Guggenheim Securities’ Curry Baker and Michael Morris said in a note about Gray’s acquisition of Quincy that the deal will be “immediately accretive to [free cash flow] per share,” and is likely to secure regulatory approval, thanks to Gray divesting some Quincy stations in overlapping markets.
“We believe Gray is well-positioned to continue to over-index in retrans revenue and political and benefit from a significant retrans renewal cycle in 2021,” the Guggenheim analysts write.

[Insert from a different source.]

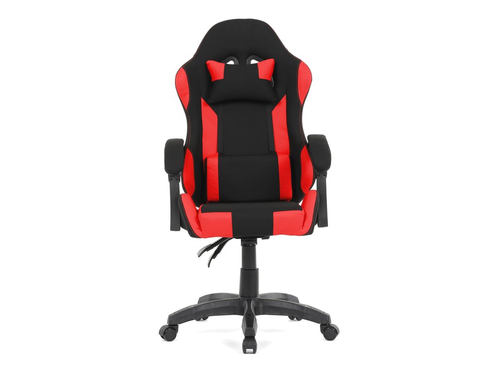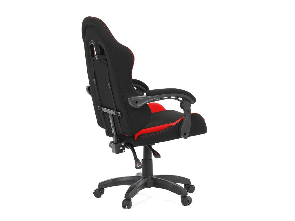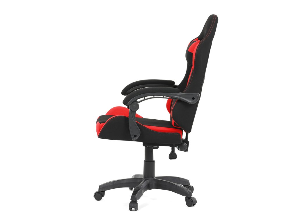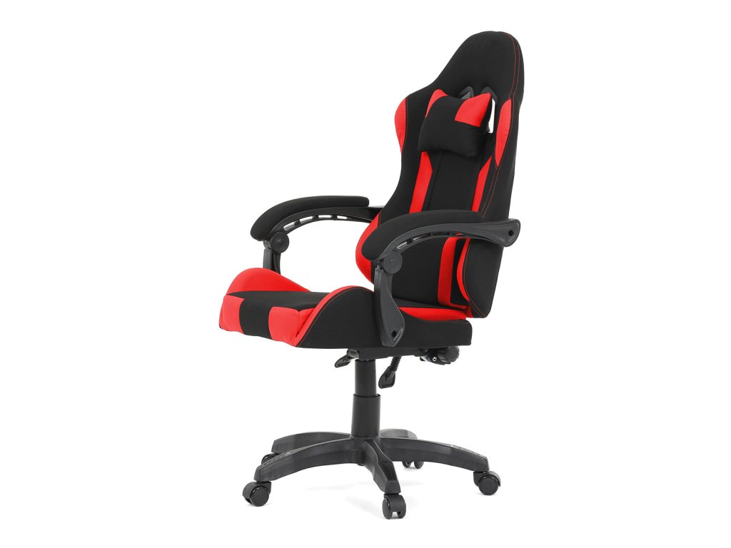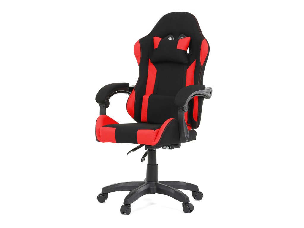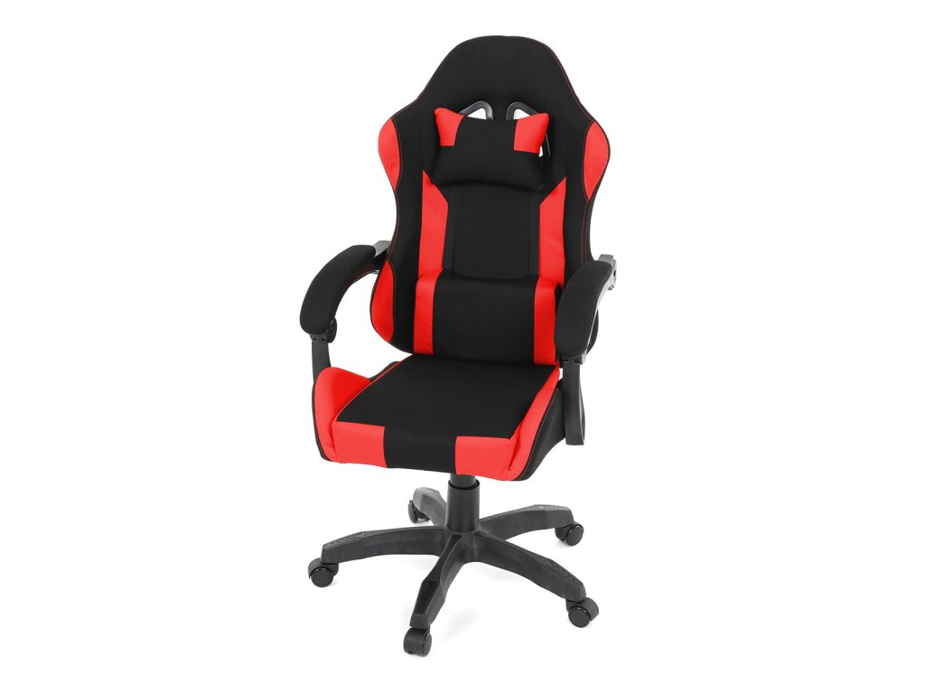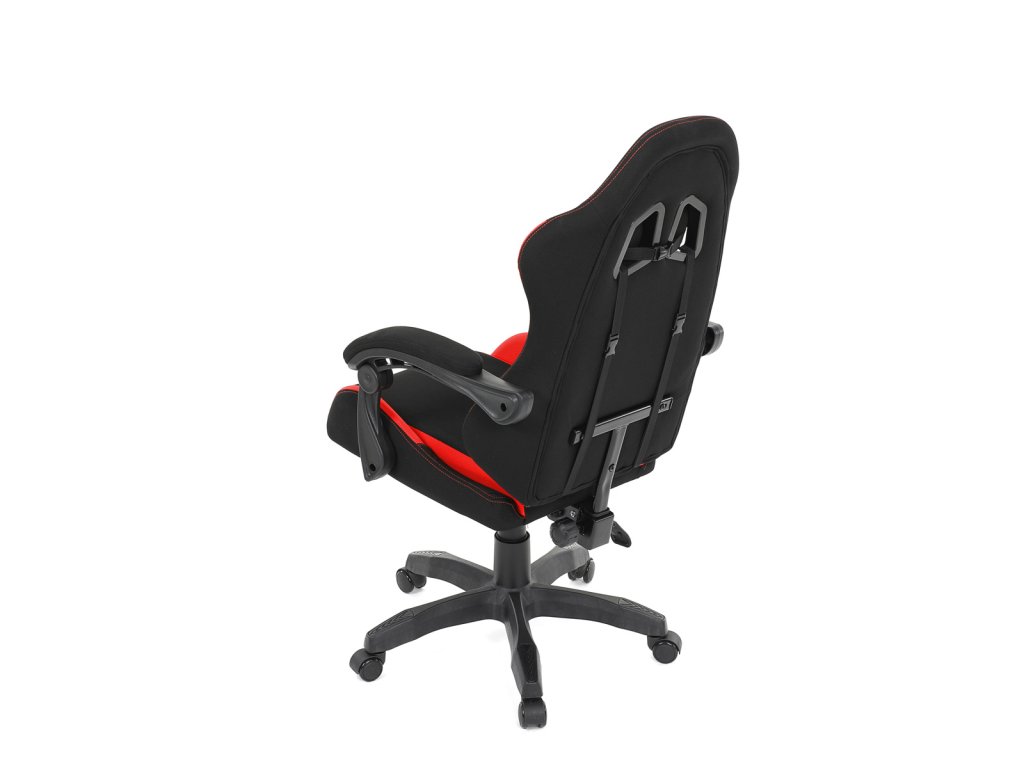 Herní křeslo, synchronní mechanismus, černá a červená látka, plast. kříž

“There have been very few, if any, leading local news stations offered for sale over the last 12 months or so. With the election now largely behind us, we expect some opportunities to rise,” Kevin Latek, Gray executive vp, told analysts during its last earnings call Nov. 7, foreshadowing the Quincy deal. “But as we have done previously, we plan to take a close look at any number one or strong number two ranked local television station offered for sale regardless of market size and we will evaluate its opportunity with a close eye on our balance sheet and market conditions.”
In recent years the local TV market has seen enormous consolidation, with a few station giants including Gray, Sinclair, Nexstar, Meredith and Byron Allen’s Entertainment Studios out opportunistically buying, and independent and regional station owners selling. One of the major local players, TEGNA, was also fielding buyout offers before the pandemic hit in early 2020.
For Howell, the acquisition of Quincy also reaffirms his strategy for Gray. “I will speak purely for myself personally, I still believe it is in the best interest of our shareholders to continue to grow this company and there is ample room for Gray to do so,” Howell told analysts on Gray’s earnings call, adding that he had purchased millions of dollars in Gray’s “grossly undervalued” stock, citing the “ridiculously large amounts of money” the stations have been throwing off in free cash flow.
“We are not going to let our stock price sit down here at these prices. This is ridiculous,” he added.
After announcing the deal February 1, Gray’s stock price rose by more than 6 percent, topping $18 per share.